Monday, August 30, 2010

And somehow it's still dirty

It was just a little more than a week ago that my house was cleaned (well, sort of) and wouldn't you know, it's dirty again. Today, after taking the children - the ones that really make this house dirty to begin with, BY THE WAY - as soon as I finished taking them to school, and running errands, I came home and looked around, dismayed at the aftermath of a weekend spent hanging around the house. My friend, who was keeping me company today while I was running errands, immediately began straightening up. Because she knows the state of my house makes me crazy and Beause she knows I feel overwhelmed and depressed at the prospect of ever conquering it on my own. And in my mind, when people come over to hang out and instead start straightening the piles of art projects and magazines and junk mail, you know that you really should do something about the mess.

So a little while later, after I had dropped her off in the sanctity of her own (much cleaner) house, I returned home, bound and determined to get this house clean again.

I even took off my new pants - so I could get down on my hands and knees and really scrub stuff.

And an hour later, right after I had hosed out the fun room (which is painted and almost ready to be used again) and while I was sweeping the front porch, I realized that I had no pants on.

Mind you, I kept sweeping - but suddenly I was aware of the fact that I was indeed without pants in full view of the neighbors.
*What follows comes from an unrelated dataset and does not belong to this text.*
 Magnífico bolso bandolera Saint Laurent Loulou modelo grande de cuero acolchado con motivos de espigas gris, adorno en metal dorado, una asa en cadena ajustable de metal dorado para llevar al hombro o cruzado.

And that I had just moments before been spraying the deck with the hose, also pants-less. It will come as no surprise to you that half of my neighbors really don't like me. The other half park in front of my house. So.
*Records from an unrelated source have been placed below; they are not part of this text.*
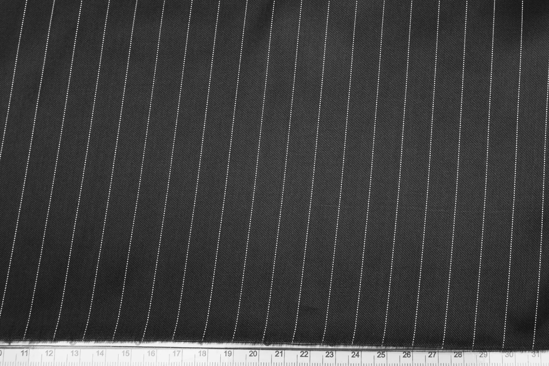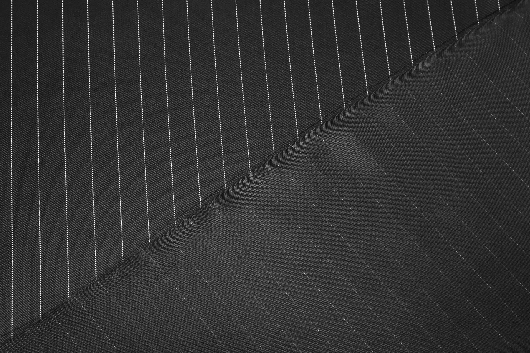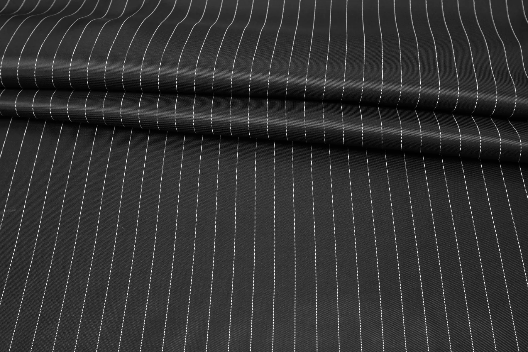Подкладочная итальянская вискоза темно-серого цвета в тонкую белую полоску (вдоль кромки), плетение саржевое. Шелковистая, обладает легким блеском, тонкая. Подойдет на подкладку к костюмной группе, демисезонным пальто, курткам.
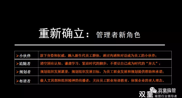 最后樓老師針對上述組織變革提出了管理者角色的重新定位,他認為傳統(tǒng)經(jīng)營者和管理者如果還在堅持沿用以前的老經(jīng)驗、老方式,那就離淘汰不遠了!樓老師也再次提醒大家,面對不同的價值個體,管理者首先需要改變的就是自己:
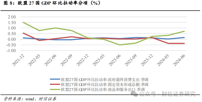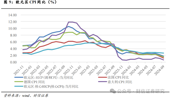 从通胀水平来看,虽然整体通胀率有所回落,欧元区HICP同比增速较2022年最高点已经回落8.8个百分点,较20239月最后一次加息时也有明显回落,但核心通胀压力依然存在。具体来看,9月份欧元区CPI同比增长1.8%,较8月的2.2%有所下降,但核心调和CPI同比增长2.7%,仅较前值下降0.1个百分点,降幅小于CPI,表明潜在的价格压力依然存在。此外,服务业通胀比预期更持久,且服务通胀的持续性在欧元区国家中普遍存在,表明核心通胀的进一步下降需要依赖服务业通胀的放缓,而目前服务业通胀下降进展似乎已经停滞,通胀前景仍存在不确定性。

ANYWAY as I stood there in my nude colored lace thong I realized that A. From a distance I looked completely naked from the waist down and B. I should have just called and had someone come clean again. That I was - in every way - a total failure at cleaning my house. Not only was my house still dirty, but now I had offended my neighbors again, I was all sweaty from the effort of cleaning in the mid-day heat, and now also wet and streaked with mud from the hosing of the deck.
So I went right into the house and got online and started cruising the household help section of Craigslist (right after a quick glance at the "Best of" and "Missed Connections", natch) and I found a posting from yesterday - a woman who actually listed some references in her ad, and said she was thorough and had experience and I thought "hmmm." It didn't say where she lived, or how much she charged, but I liked her ad. Her name was Katy.

And so I emailed  her. Yes I did. Asked her to email me back with more info. And I felt instantly better. I stood up and practically skipped downstairs to get the mail (after putting some shorts on THANKYOUVERYMUCH).
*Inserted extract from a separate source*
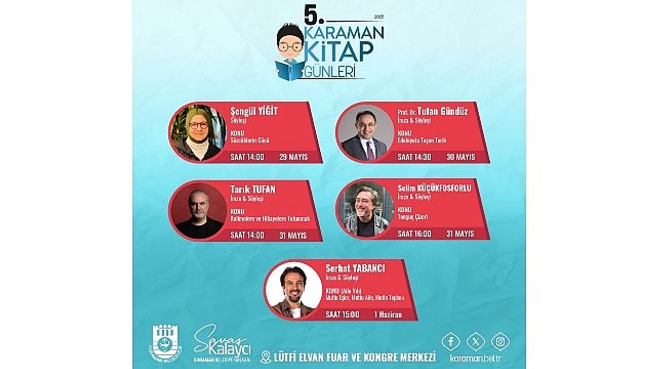 23 Mayıs – 1 Haziran 2025 tarihleri arasında gerçekleşecek Karaman Belediyesi Kitap Günleri her yıl olduğu gibi bu yılda kapılarını okurlarına açıyor.

And in my mailbox was a flyer that had been stuck in there at some point in the previous few minutes. Two sheets of paper, typed, with a business card stapled to the top and a note hand-written on the bottom. From Katy. Yes, the same Katy I had just emailed.
She's my neighbor.
I couldn't make this shit up.
I hope she didn't see me in my underwear. But then again, maybe she did, and that is exactly why she left me a note.......

2 comments:

Stacy Q said...

I saw a plaque that said "My house was clean last week, sorry you missed it."

How do I become friends with your friend who cleans up for you? hee hee! No, I couldn't handle it, really, I totally get embarrassed when friends come over and I can see their eyes going from one pile, to the next, to the counter that is totally covered with stuff that needs to be dealt with...

Judie said...

Some of my friends say that my house is VERY clean. I like those people, but I know that they would not know "clean" if it jumped up and bit their noses off.

No matter what I do, my house always feels dirty to me. I have a sign on Rod's highboy that says, "you may touch my dust, but you may not write in it!" This is no joke.

When you live in the desert, dust is a way of life. When you have two dogs, leaves and seeds all over your tile is a way of life.